Re: Nasze ulubione wiersze

243
Nie odpowiadam ,na wasze listy
telefony
Porzucam przyjaznie
Wybaczcie mi to...
Coraz bardziej przywiązuje się do
siebie,
Wycofuje się w głąb.
Nie zadziwia mnie naród
Nie zadziwia mnie tłum
Zwycięstwa i klęski łączą się w jedno
Zyski i straty łączą się w jedno
Na wrzosowiskach podziwiam motyla
Nocami karmie nietoperze
Z wierzchołka góry obserwuję
zachodzącą ostrygę słońca.

Wybaczcie mi to

Ewa Lipska
Ostatnio zmieniony 09 paź 2013, 14:34 przez Gość, łącznie zmieniany 1 raz.
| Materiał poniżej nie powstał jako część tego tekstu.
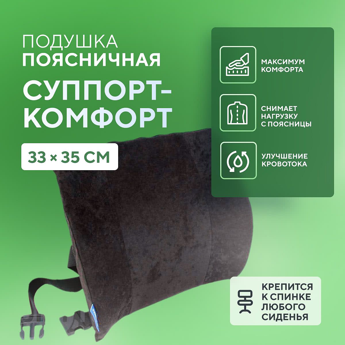 ![]() Благодаря своей анатомической форме поясничная подушка "Суппорт-комфорт" позволяет Вам сидеть выпрямившись, не сутулиться, оказывает деликатную поддержку позвоночного столба и снижает напряжение в мышцах спины и шеи, подтягивает мышцы живота, уменьшает нагрузку на передние отделы позвонков. В результате быстрее проходят боли в спине, улучшается дыхание, нормализуется состояние пищеварительного тракта и мочеполовой системы. Подушка крепится на спинку сиденья ремнем в месте поясничного изгиба позвоночника. ![]() В автомобиле![]() За рулем автомобиля очень важно принять удобное положение, чтобы спина в месте ее изгиба имела хорошую опору. Правильное положение позвоночника водителя обеспечивают специальные анатомические сиденья. Но большинство автомобилей отечественного производства (да и многие иномарки) оборудуются обычными сиденьями, после длительного сидения в которых возникает чувство усталости и даже боли в спине. Во время движения автомобиля наш позвоночник испытывает большие статические и различные вертикальные нагрузки из-за неровностей дорог, что является сильной нагрузкой на межпозвоночные диски, связочный аппарат и мышцы позвоночника. Поэтому если не предпринимать мер по защите нашего позвоночника от вредных нагрузок, то это рано или поздно может привести к развитию различных заболеваний позвоночника. Специально разработанная форма подушки Суппорт-комфорт позволяет сохранить правильную осанку в положении сидя и создает поддержку для позвоночника. Детям и подросткам![]() Каждому, у кого есть дети, хочется видеть их стройными и здоровыми. Развитие индустрии компьютерных игр, видео и телевидения приводят к еще большему снижению активности, детям приходится длительное время находиться в сидячем положении. Вспомните, что Вы делаете для того чтобы выправить осанку у своих детей, скорее всего сделаете замечание в той или иной форме: "Не горбись!", "Выпрямись!", но это не дает никаких результатов. Подложите поясничную подушку "Суппорт-комфорт" между спиной Вашего ребенка и спинкой стула за его письменным или компьютерным столом и Вам не придется волноваться, что осанка Вашего ребенка сформируется неправильно. Вы убедитесь, насколько эффективно поясничная подушка уменьшает утомляемость, повышает внимание и способность усвоения учебного материала. Вашему ребенку будет легче учиться, а поддерживать правильную осанку удобно и приятно. На работе и дома

Re: Nasze ulubione wiersze

244
Ot i co

Ostryga
wzychała tak sobie,
że wciąż jest sama i sama,
i że najchętniej poznała by
pięknego ostygo -pana

Lecz go pod bokiem nie było
więc wciąż szlochała, aż miło.
I w morzu wód przybywało.
Już Hel i Gdańsk zalało.

Aż Bóg się wtącił w temacie
i dziś hermafrodytę macie.

Ostryga nie odpuściła
i wciąż o seksie marzyła.

Więc stwórca zawziął się snadnie,
i dumał i tak kancypowł
aż z protandrią ostrygę
na wiek wieków nam zgotował.

Łosiu Lipski
Ostatnio zmieniony 09 paź 2013, 14:55 przez Łosiu, łącznie zmieniany 1 raz.
;)

....

Re: Nasze ulubione wiersze

245
Ostrygo panowie ,tak ludzie powiadali
na ostrygo panie -cytrynę wylewali
dlatego mięczaka za męża nie chciała
i na zawsze już zobojętniała :D
Ostatnio zmieniony 11 paź 2013, 13:24 przez Gość, łącznie zmieniany 1 raz.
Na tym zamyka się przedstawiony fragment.